No such luck. Please note that I got the following to work: Find out what lexeme was expected and read it with the external parser (lexeme_read), and proceed with the text after it.
                $pos = $pos + $len + 1;
                $recce->lexeme_read('OP', $pos, 1, '=');
But this approach only works because this grammar is so simple and I can easily deal with all cases of possible rejections by looking at the expected lexemes.

Note that if I put the "=" into the input string and try to continue parsing from before it, I get another rejection event at this very point. This is really strange because the grammar expects an OP, I give it an OP, but it cannot parse it.

Intuitively, there is something I must be doing wrong as it seems there should be a way of getting this to work.

Any suggestions would be greatly appreciated.

Thanks, Th.

simple.pl

Jeffrey Kegler

unread,

Feb 9, 2015, 8:40:38 PM2/9/15

to Marpa Parser Mailing LIst

A quick response. [ I'm having Internet connectivity problems. ] The input string passed to read is copied into the bowels of Marpa in a digested form. On my first quick reading, it's looking like you are relying on changes to the original string being seen by Marpa. This does not happen.

--
You received this message because you are subscribed to the Google Groups "marpa parser" group.
To unsubscribe from this group and stop receiving emails from it, send an email to marpa-parser...@googlegroups.com.
For more options, visit https://groups.google.com/d/optout.

Thomas Weigert

unread,

Feb 9, 2015, 8:57:47 PM2/9/15

to marpa-...@googlegroups.com

Thank you for this tip. Indeed, this was an assumption that I was making. I got the idea from the R.pod:

"The resume() method uses a new input string to scan the physical input stream that was specified to the read() method. resume()'s input string may be specified explicitly or implicitly. By default, the new input string runs from the current location to the end of the physical input stream."

As one cannot give an input string parameter to resume, I assumed that if it is called, it works of the original input stream.

I saw some hints in the manual that it is possible to change the physical input stream that Marpa is looking at. If you have some pointers to where I can find that described in the docu, that would be great.
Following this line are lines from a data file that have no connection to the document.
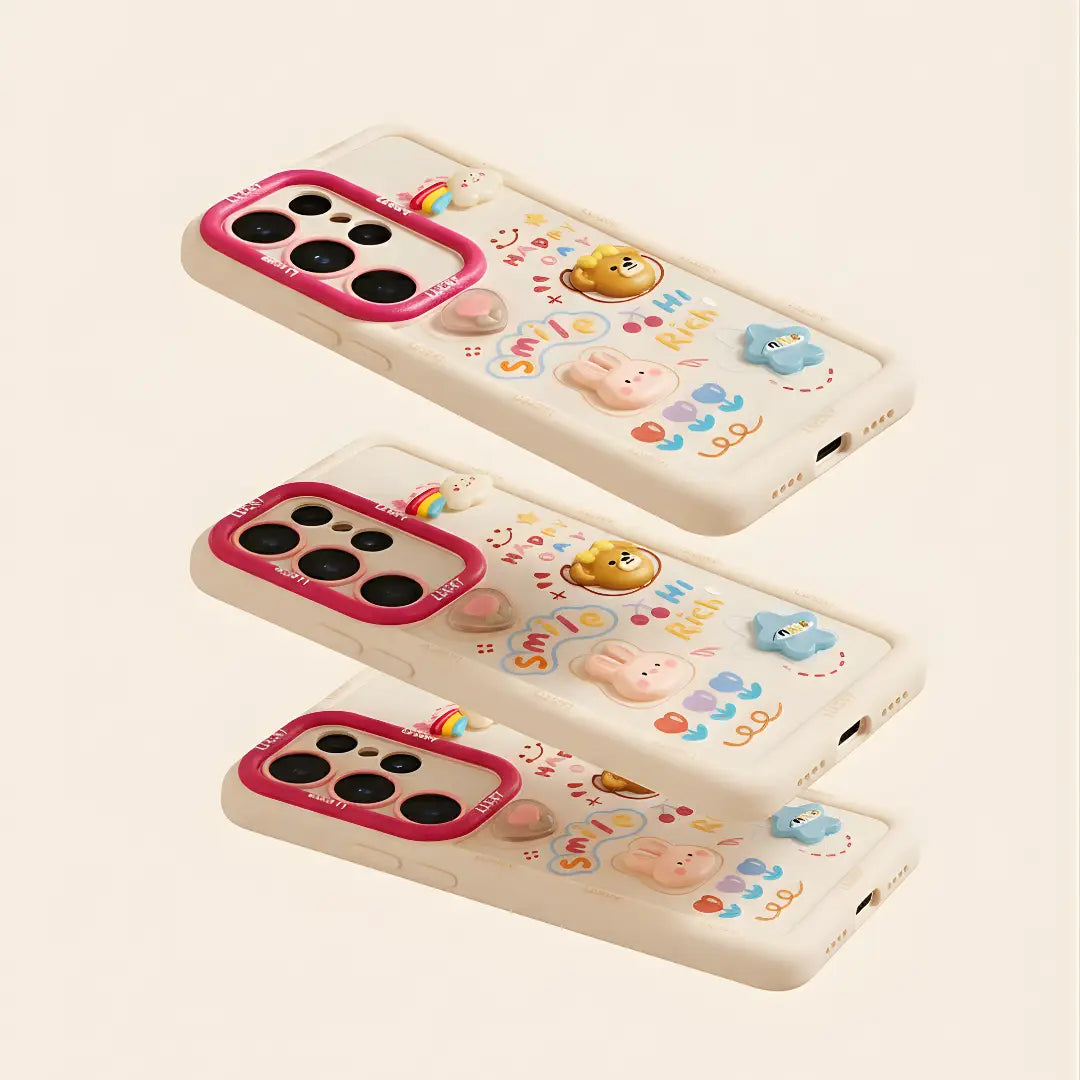 Bring a smile to your day with the Smiley Bunny & Bear Case - the perfect blend of cute, colorful, and cheerful vibes! This adorable phone case features playful 3D charms of a smiling bunny and a happy bear, surrounded by colorful doodles, hearts, and rainbows. Every detail — from the soft pastel tones to the “Smile” and “Happy Day” messages - adds a touch of positivity and fun to your phone.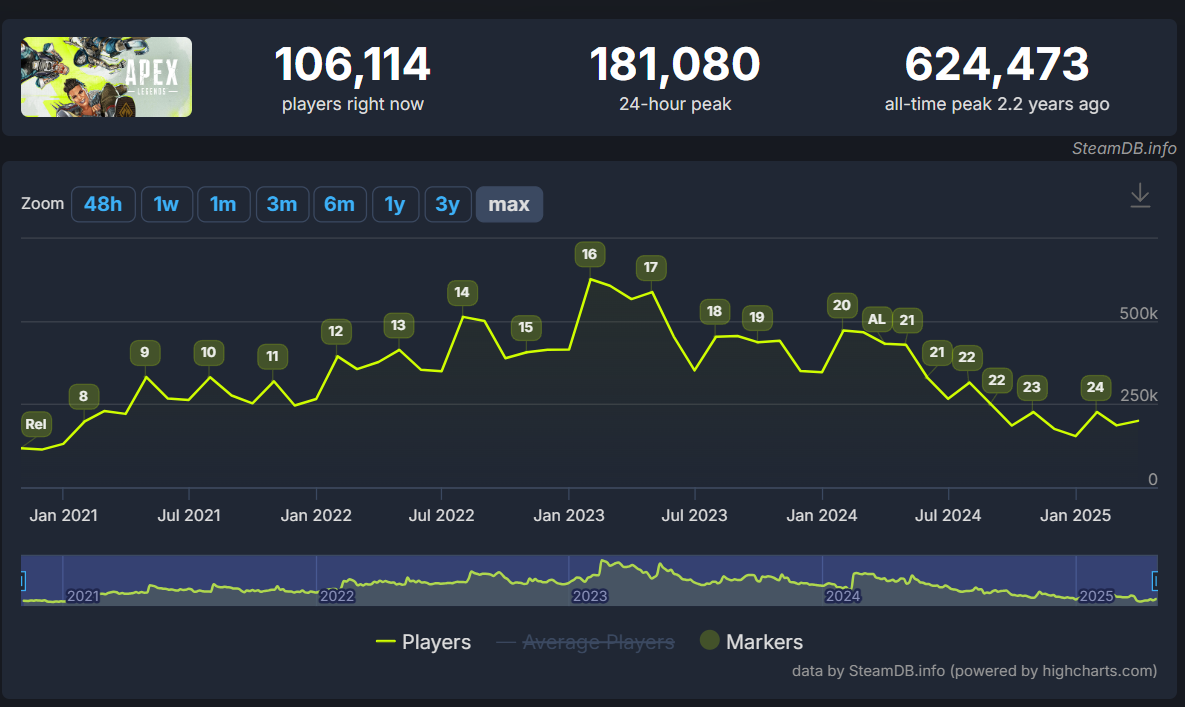 Apex Legends is still one of the most popular games on Steam. In the last 24 hours it hit a peak concurrent of 181,080 players, which was good for the game with the fourth highest peak concurrent players behind Counter-Strike 2, PUBG: Battlegrounds, and Dota 2.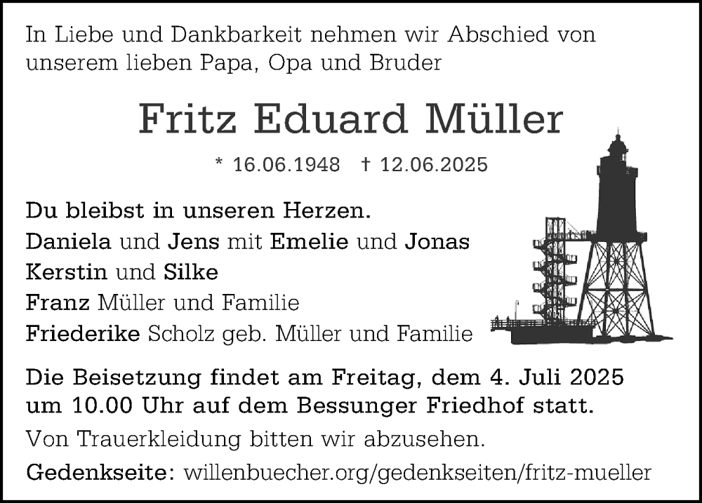 Hier finden Sie alle Traueranzeigen aus der Zeitung, die bisher für Fritz Eduard Müller erschienen sind. Weitere Traueranzeigen, die in der Zeitung erscheinen, werden hier ebenfalls aufgelistet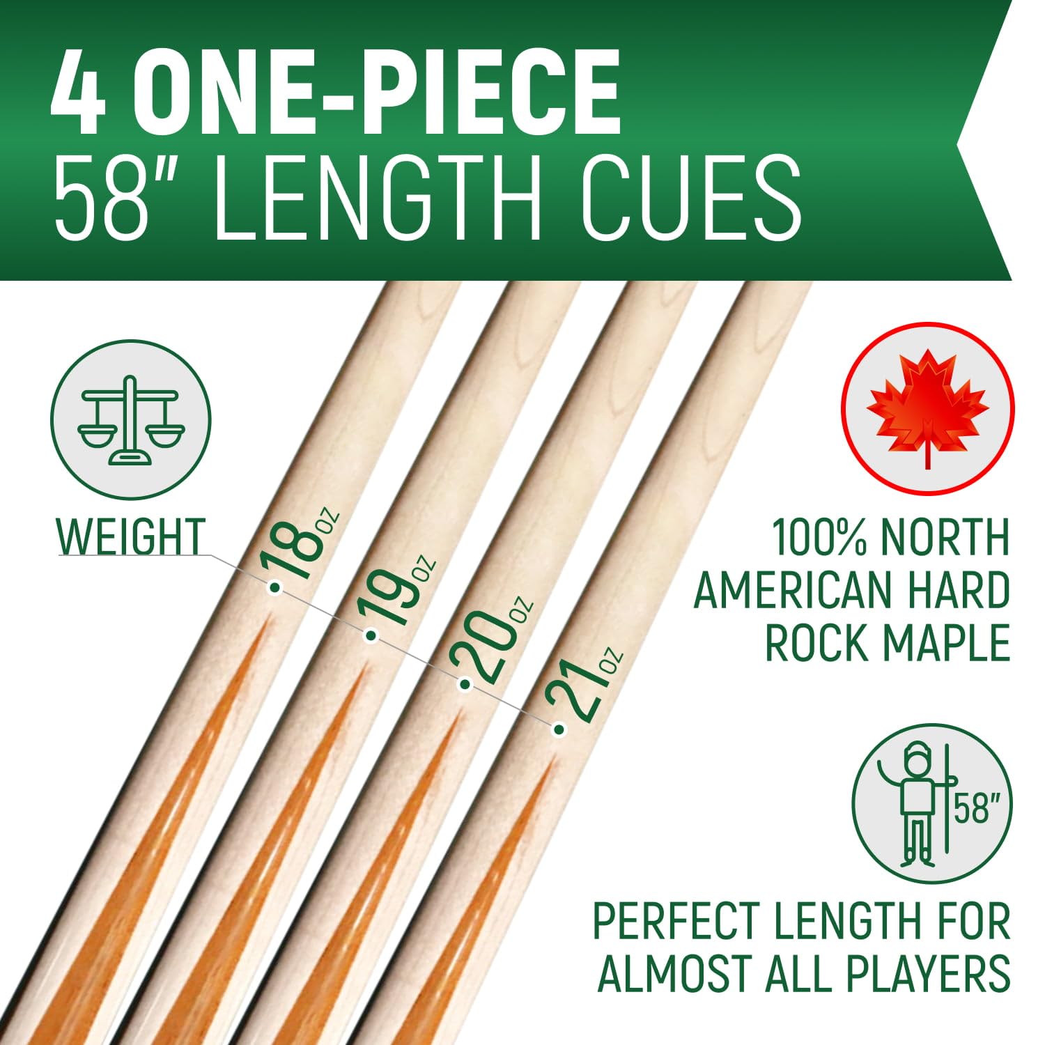 Players one-piece cues feature 100% North American Hard Rock Maple with true four-prong construction and a host of finishing touches to enhance playability and durability - they’re the best Maple one-piece cue in the price range and represent a solid value for any commercial space or home room. 4 Cues option includes: 1 - 18oz cue, 1 - 19oz cue, 1 - 20oz cue, 1 - 21oz cue.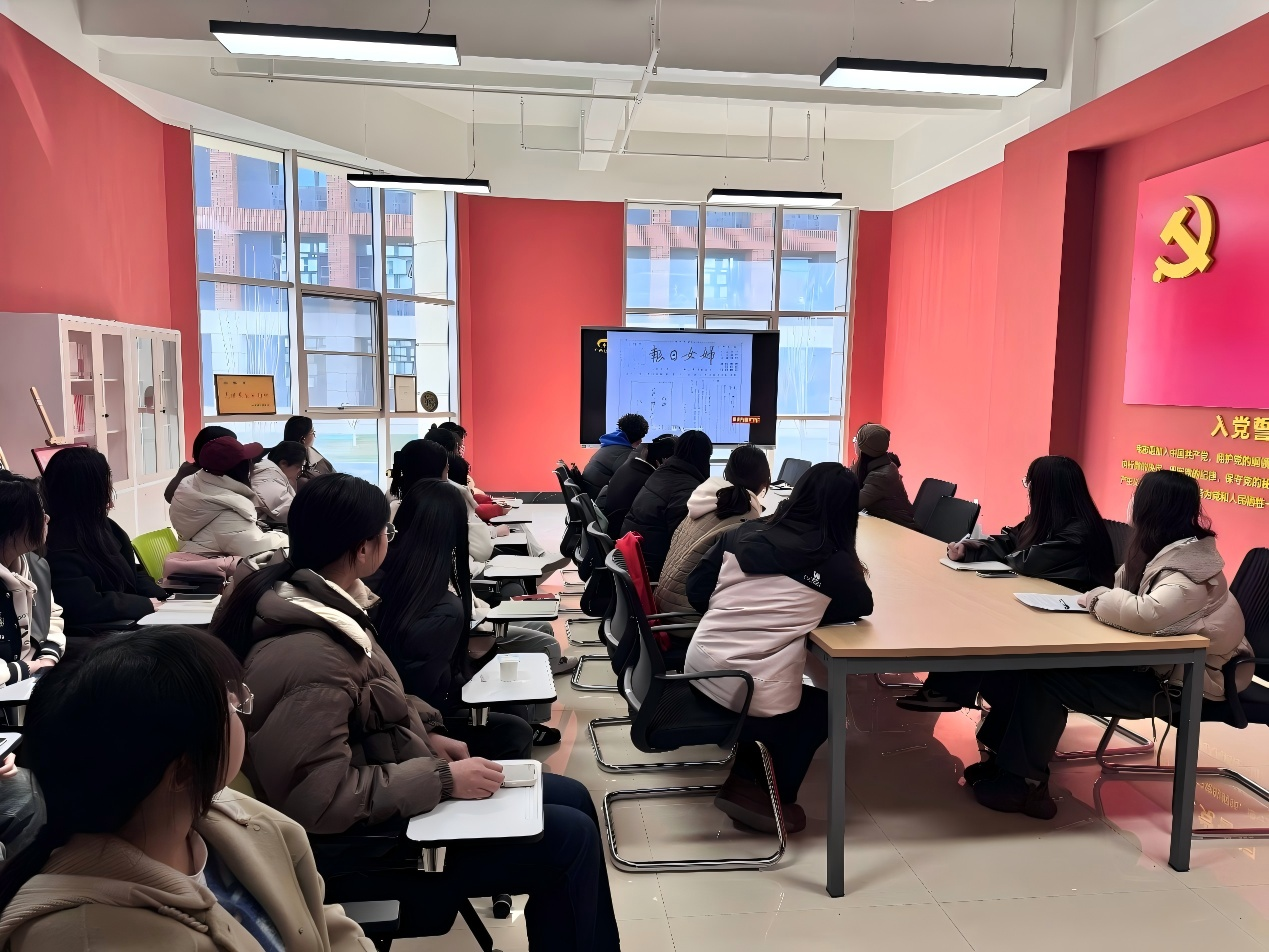 活动伊始,组织员张长豪带领全体党务助理进行理论学习。她从先辈对中国革命事业做出的努力入手,谈起了邓颖超同志波澜壮阔的一生:“邓颖超同志积极投身爱国运动,为争取民族独立和人民解放而英勇斗争;为妇女解放事业、国家外交事业等做出了卓越贡献。”邓颖超同志对国家和人民的无限忠诚,以及为理想信念不懈奋斗的高尚品质,深深鼓舞了在场同学们学习先进事迹,激发爱国情怀。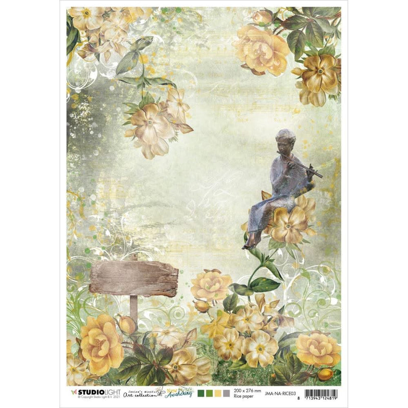 Studio Light Jenine's Mindful Art New Awakening Rice Paper Sheet A4 - NR. 03, Flute/Flowers/Sign - Rice paper is a soft but strong paper, tearable (make a wet line where you wish to tear it), used for collage work. Apply using white glue that dries clear, or Mod Podge. Great for covering paper mache boxes, wood items, etc.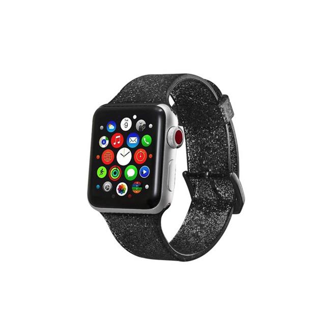 Tech Elements EW-AWGT142-BK 42 mm Silicone Bling Glitter Band with Buckle Closure Version for Apple Watch - Black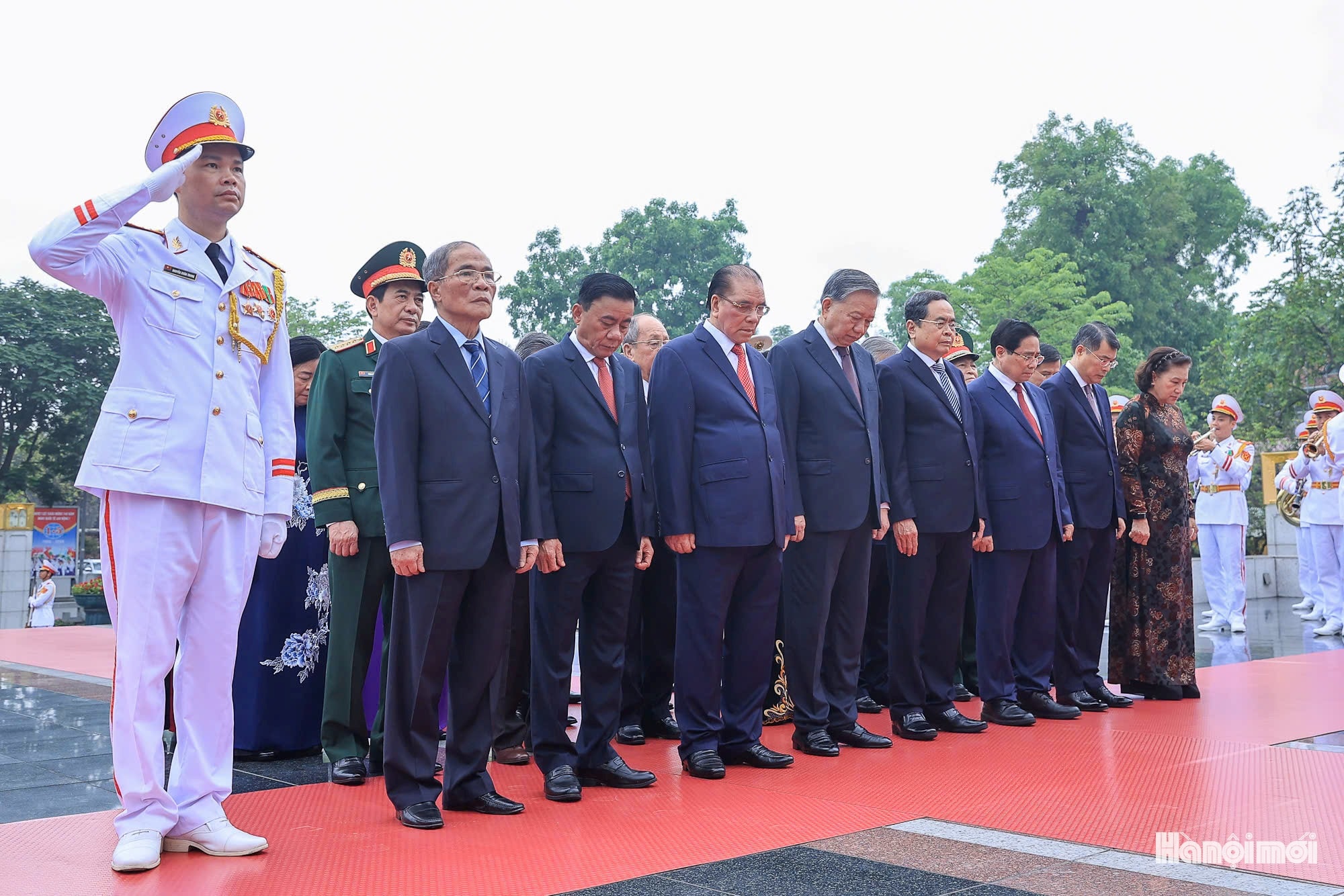 Các đồng chí lãnh đạo, nguyên lãnh đạo Đảng, Nhà nước tưởng niệm các Anh hùng liệt sĩ. Ảnh: Viết Thành
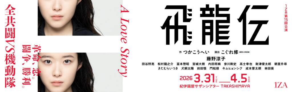 2016年に田谷野亮によって旗揚げされた「たやのりょう一座」が、本年1月に「1ZA(いちざ)」に改名。その改名後初の公演となる作品は、つかこうへいの名作戯曲『飛龍伝』。演出は、これまでも田谷野とタッグを組んでつか作品を数多く上演してきた、劇団☆新感線の創設メンバーこぐれ修が手がける。ヒロインの神林美智子役にはドラマや映画で活躍中の藤野涼子。ヒロインを囲む俳優陣として、田谷野亮、松村龍之介、富本惣昭、宮城大樹、内田将綺、参川剛史、高士幸也、財津優太郎、朝里升尋、北村一貴、犬飼太陽、前田悟、門松順、キムヒョンシク、成本晋太朗、林田葵といった多彩な顔ぶれが集合した。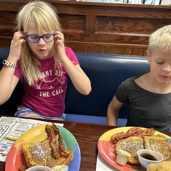 Great selection of tasty food. Very kind waiters food comes quick. Plating is very good and amazing atmosphere. Cinnamon French toast was great Corned beef hash was amazing.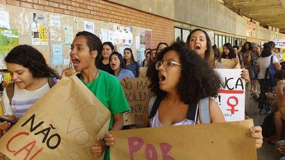 Alunas da Universidade de Brasília protestaram nesta quarta-feira (1º) por mais segurança para mulheres, em alusão ao caso relatado de estupro coletivo contra uma adolescente de...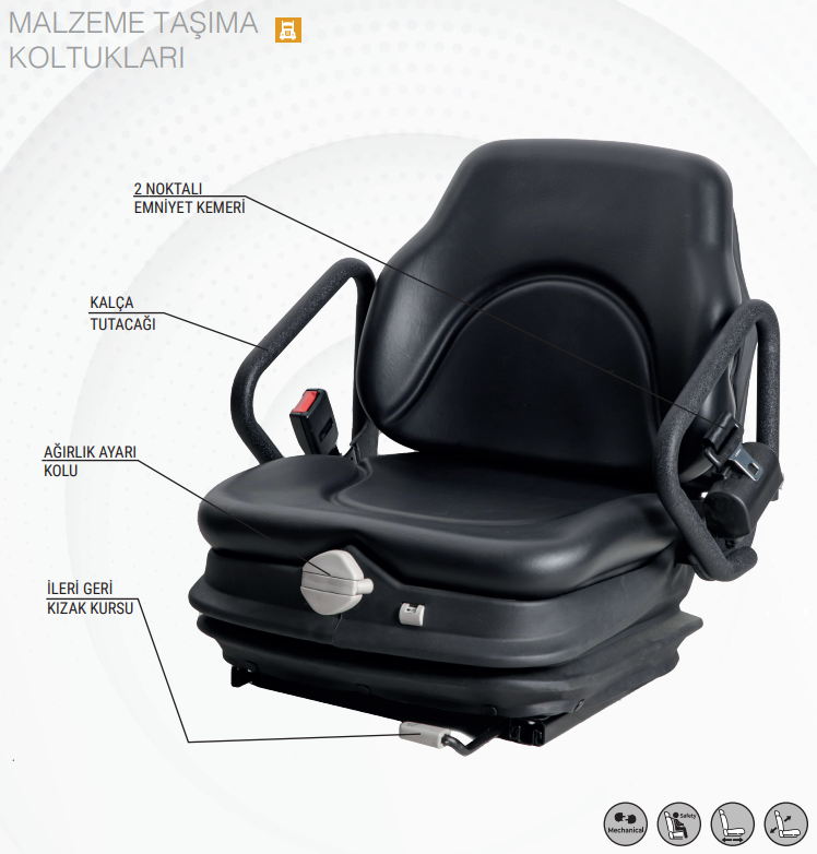 Mekanik sistem ürünler herhangi bir kompresöre, havaya destek duymadan yay, makas, ve amortisör bileşenleriyle yaylanmaktadır.
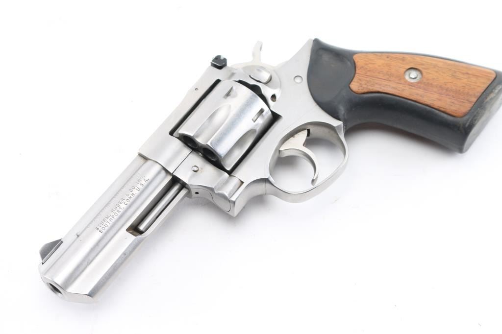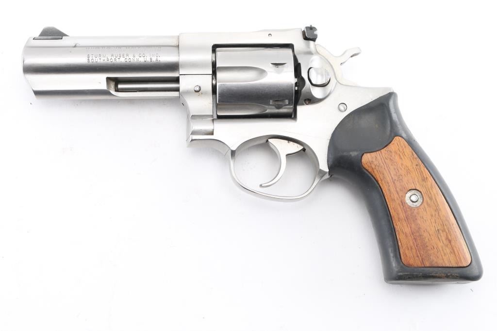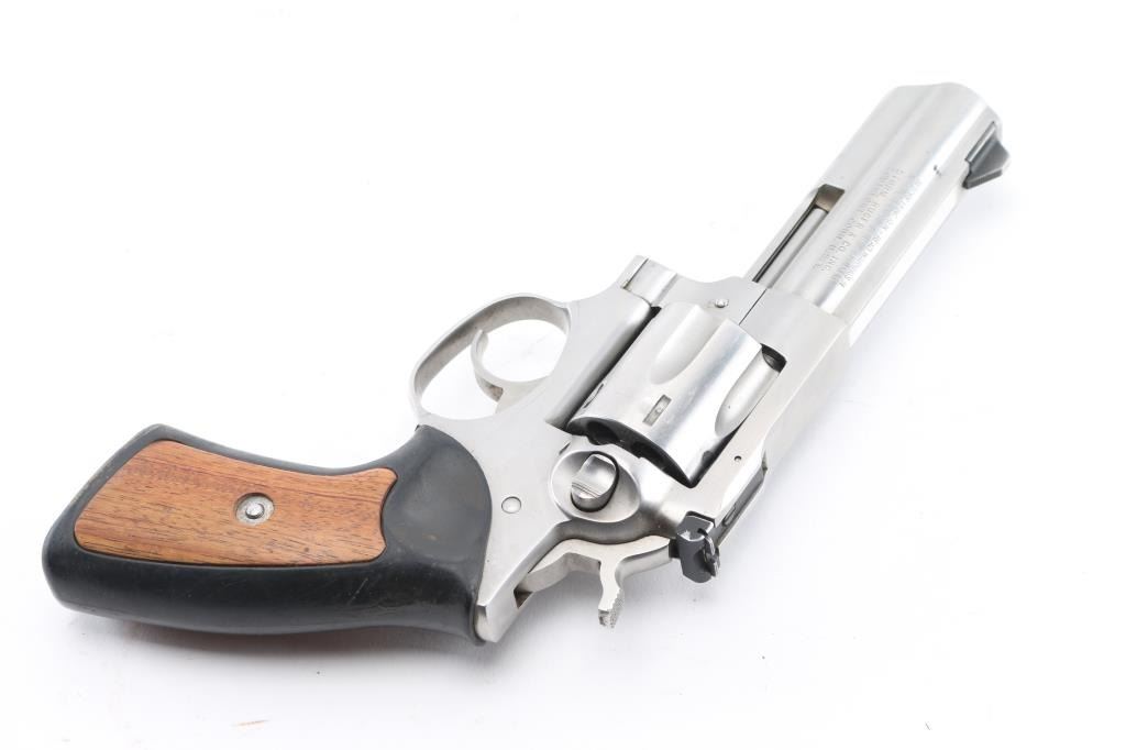 American made stainless steel double action revolver chambered in .357 Magnum, manufactured circa 2006. Features a brushed finish, 4" full lug barrel, with dovetailed blade front sight, adjustable rear sight, smooth trigger, knurled hammer spur, fluted six-shot cylinder, and black rubber grips with smooth wood inserts. Bore is very good/bright.. Metal shows few handling marks, minor scratches. Grips are excellent condition. Action is smooth with tight lock-up. Condition is NRA Very Good. Modern Firearm

Or if there is a documentation on how I can access the "bowels of Marpa" that would be lovely also.

Thanks, Th.

Thomas Weigert

unread,

Feb 9, 2015, 9:08:28 PM2/9/15

to marpa-...@googlegroups.com

Maybe some more here:

In the R.pod it further says: "The virtual input stream is a series of input strings. An input string is a substring of the physical input stream. By default the virtual input stream consists of exactly one input string, one which begins at location 0 in the physical input stream and whose length is the length of the physical input stream."

This together with below and the description of resume() makes me think that when I call resume with offsets into the physical input stream (I believe that is the original input that is being parsed), then it creates a new input stream to be appended to the virtual input stream.

Ron Savage

unread,

Feb 9, 2015, 9:19:13 PM2/9/15

to marpa-...@googlegroups.com

On Tuesday, 10 February 2015 12:57:47 UTC+11, Thomas Weigert wrote:

Thank you for this tip. Indeed, this was an assumption that I was making. I got the idea from the R.pod:

"The resume() method uses a new input string to scan the physical input stream that was specified to the read() method. resume()'s input string may be specified explicitly or implicitly. By default, the new input string runs from the current location to the end of the physical input stream."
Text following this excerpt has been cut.